DP trades memory for time. A tabulation table for edit distance between strings of length m and n requires O(m*n) space. For very long strings (documents), this is impractical. Space-optimized variants exist — edit distance can be computed in O(min(m,n)) space by only keeping two rows of the table at a time.

The bitmask approach for rule combinations is O(2^n * n) — fine for n < 20, impractical for n > 30. Recognize this scaling cliff before applying it.

Top-down memoization risks stack overflow for very deep recursion. Go’s goroutine stacks grow dynamically (starting at 8KB, growing to 1GB), so this is less of a concern than in other languages, but deeply recursive DP over graphs with thousands of nodes can still be slow due to function call overhead.

Also: DP requires pure functions. The cached result is only valid if the same inputs always produce the same output. If your “subproblem” depends on mutable global state, the memoization is incorrect.

Key Takeaway

Dynamic programming is not a mystery technique.

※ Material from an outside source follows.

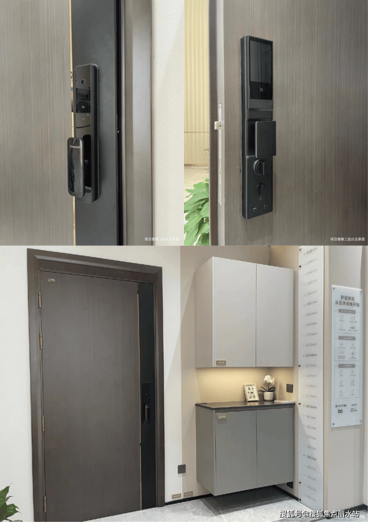 【尊崇入户赋予生活仪式感】入户——春天木门,内置锌合金龙骨架、钢板门芯和双层门框,有效保证安全;智能门锁——格里维尔,指纹、密码、临时密码、虚位密码、卡片,远程和机械钥匙七种开启方式;入户玄关——日门、大建,符合日本JAS认证的严格的F☆☆☆☆最高标准(甲醛释放量≤0.3mg/L),采用生态板材质,坚硬好打理,内部层板可调节,可以灵活摆放不同高度的物品。
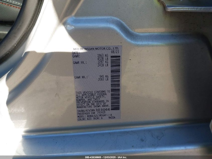 2024 NISSAN ALTIMA 2024 року Бензин, 2.5, Передний привод, vin - 1N4BL4CV3RN303066 из США

It is caching applied to recursive problems with overlapping subproblems. The skill is recognizing when your problem has this structure: “I am computing the same thing from multiple places, and the result depends only on the inputs.” When you see that, add a cache. Then consider whether bottom-up tabulation gives you better memory characteristics. The pattern shows up in text processing, pricing engines, scheduling, and any optimization problem where you must choose among options with interdependencies.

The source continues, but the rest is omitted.